Яков Бёме не мог удовольствоваться деспотическим «да будет!» в качестве
объяснения природы; он слишком понимал и любил природу. Поэтому он пытался дать
природе естественное объяснение и нашел его только в качествах самой природы,
которые производили глубокое впечатление на его душу. Яков Бёме – и в этом
заключается его существенное значение – мистический натурфилософ, теософический
вулканист и нептунист, так как, по его мнению, все вещи первоначально возникли
из огня и воды. Природа очаровала религиозную душу Якова Бёме – недаром блеск
оловянной посуды напоминал ему о мистическом свете. Но религиозная душа
замыкается в себе самой; у нее нет ни силы, ни мужества проникнуть в
действительность вещей; она созерцает все глазами религии, она созерцает все в
боге, то есть в чарующем, ослепляющем душу блеске воображения, представляет
себе все в образе и как образ. Природа вселяла в душу Бёме противоречие, и он
должен был усмотреть это противоречие в самом боге, так как иначе предположение
двух самостоятельно существующих, противоположных первопричин растерзало бы его
религиозную душу: он должен был различать в самом боге кроткое, благодетельное
и суровое, карающее существо. Все огненное, горькое, жесткое, ограничивающее,
мрачное, холодное исходит из божественной жестокости, гнева, безразличия и
суровости; все кроткое, блестящее, согревающее, мягкое, нежное, податливое
исходит из кроткого, мягкого, светлого качества в боге. Одним словом, небо так
же богато, как и земля; все, что мы видим на земле, есть и на небе; все, что
есть в природе, есть и в боге. Но там все это божественного, небесного свойства,
у нас все носит земной, видимый, внешний, материальный характер, по существу
же – одно и то же. «Когда я пишу о деревьях, кустах и плодах, ты не должен
понимать моих слов в земном, обыкновенном смысле; я не держусь того мнения,
будто на небе находятся мертвые, грубые деревья или земные камни. Нет, мое
представление божественно и духовно, но в то же время истинно и правдоподобно.

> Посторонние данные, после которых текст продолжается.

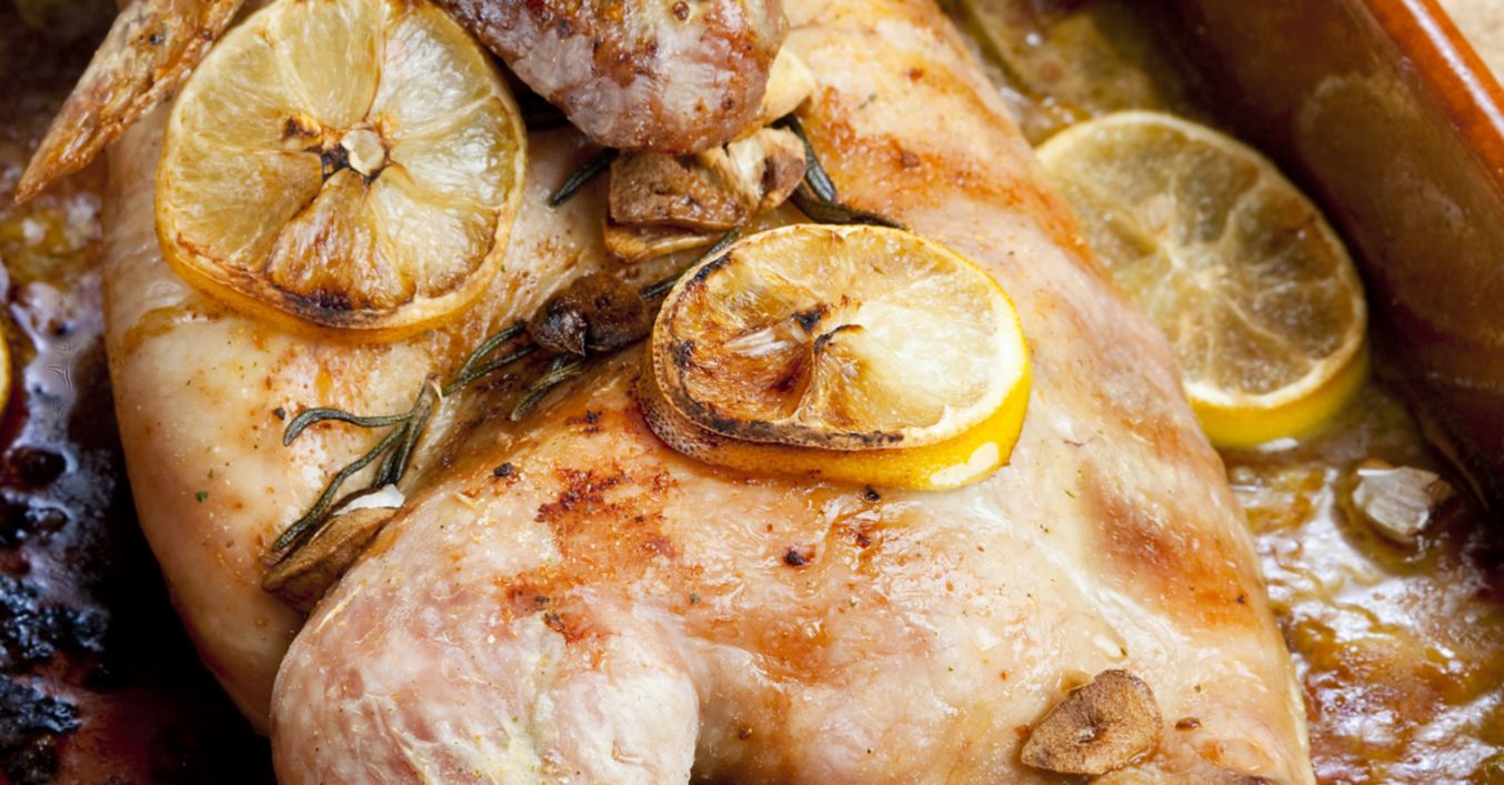 Lămâia se spală bine, apoi se taie felii și se pun peste pui, în tavă. Se presară rozmarin, se acoperă tava cu folie de aluminiu și se dă la cuptor. Se întoarce puiul pe toate părțile pentru a se rumeni uniform.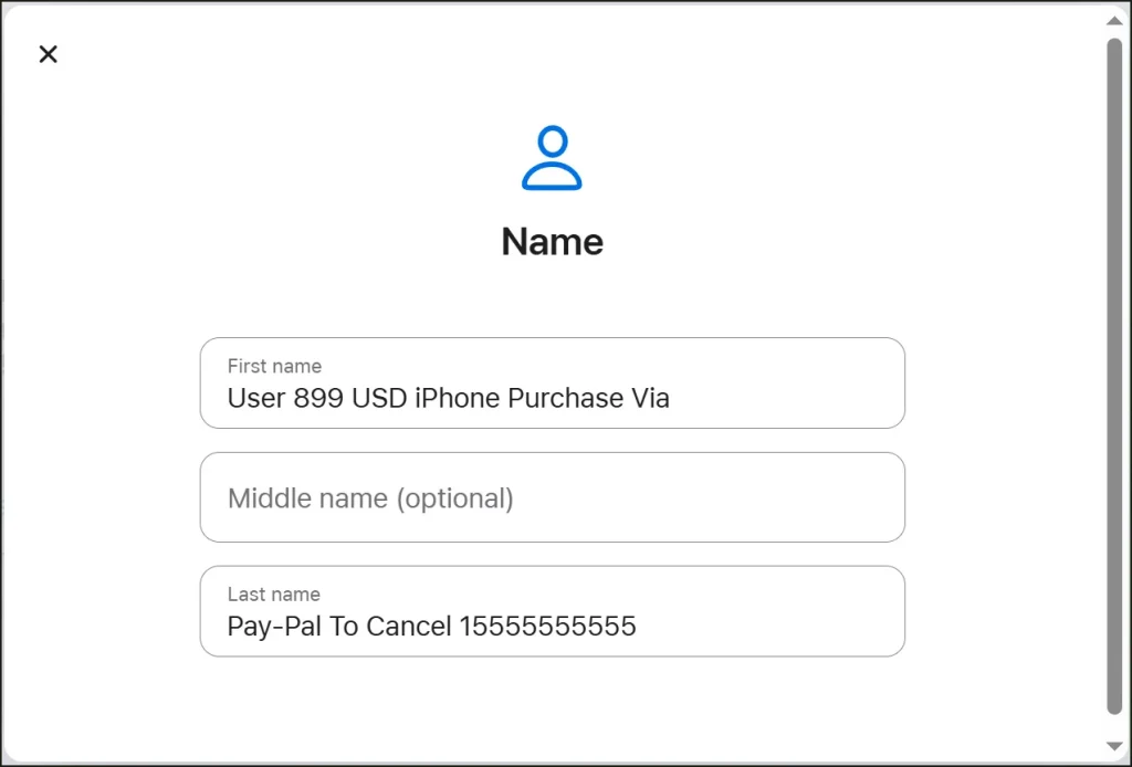 BleepingComputer успеа да го реплицира ова однесување со создавање тест Apple сметка и додавање сличен callback фишинг текст во полињата за име и презиме. Ова е затоа што секое поле не може да ја содржи целата измамничка порака.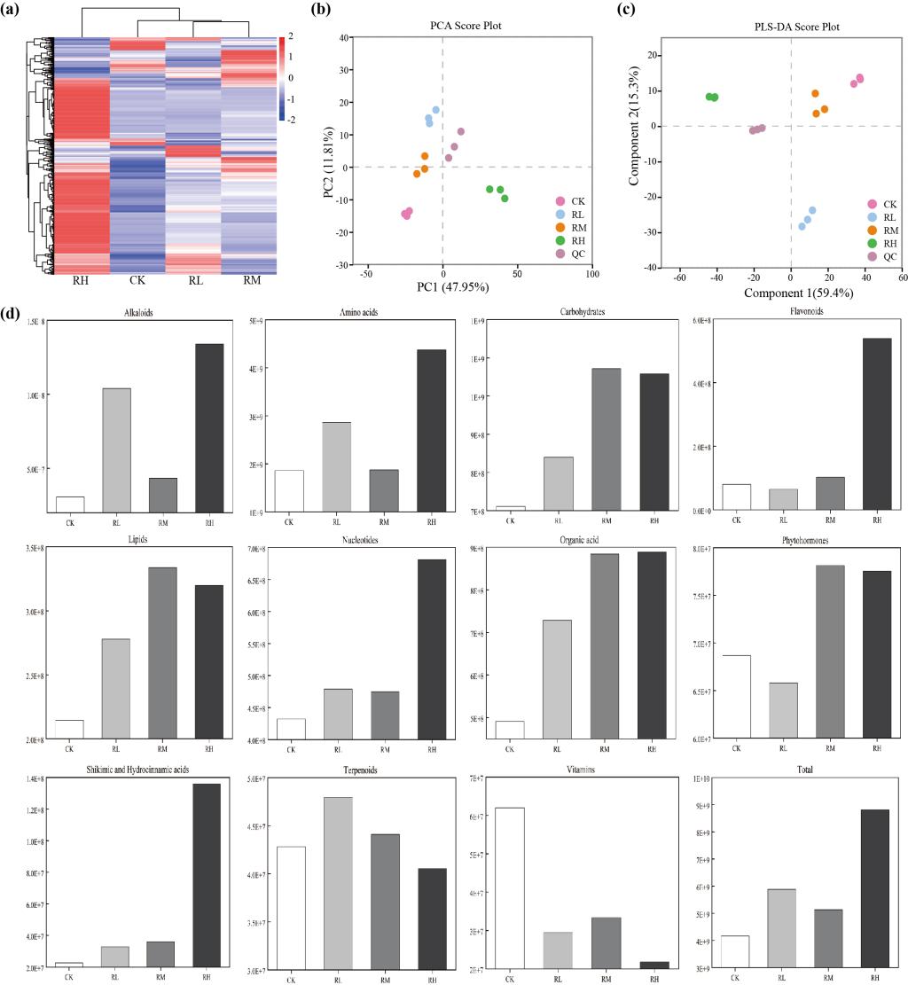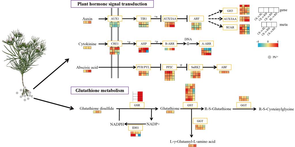 该研究结合生理学、转录组学和代谢组学探究孜然响应铅胁迫的分子机制。结果表明,铅胁迫改变孜然的生理生化指标,抑制了孜然的生长。同时,孜然通过改变根部金属离子转运基因的表达,影响铅的积累和转运。代谢组学分析表明,在铅胁迫下,与氨基酸、有机酸和碳水化合物相关的代谢途径得到了增强。转录组测序筛选出的差异表达基因(DEGs)主要涉及氧化还原酶活性、跨膜运输、植物激素信号转导和MAPK信号转导途径。综合分析表明,谷胱甘肽代谢和植物激素信号转导是孜然抵抗铅胁迫的重要途径。

Я описываю вещи так, как я их себе представляю. Следовательно, на небе также
есть деревья и цветы, но небесные деревья таковы, какими они кажутся моему
воображению, они не производят на меня грубого, материального впечатления;
земные же деревья таковы, какими они представляются моему чувственному,
действительному созерцанию». Различие между теми и другими есть различие между
соображением и созерцанием. «Я не намереваюсь, – говорит он сам, – описывать
свечение, место и название звезд, их ежегодные конъюнкции, противостояния или
квадраты, их ежегодное и ежечасное изменение. Я не изучал этого и предоставляю
это ученым. Моя задача заключается в том, чтобы писать, сообразуясь с умом и
чувством, а не с созерцанием».
По Сведенборгу, ангелы на небе имеют даже одежду и жилища. «Их жилища во
всем подобны земным жилищам, называемым домами, но они гораздо лучше; в них
много горниц, комнат, спален, кругом дворы, сады, поля и луга». (E. v.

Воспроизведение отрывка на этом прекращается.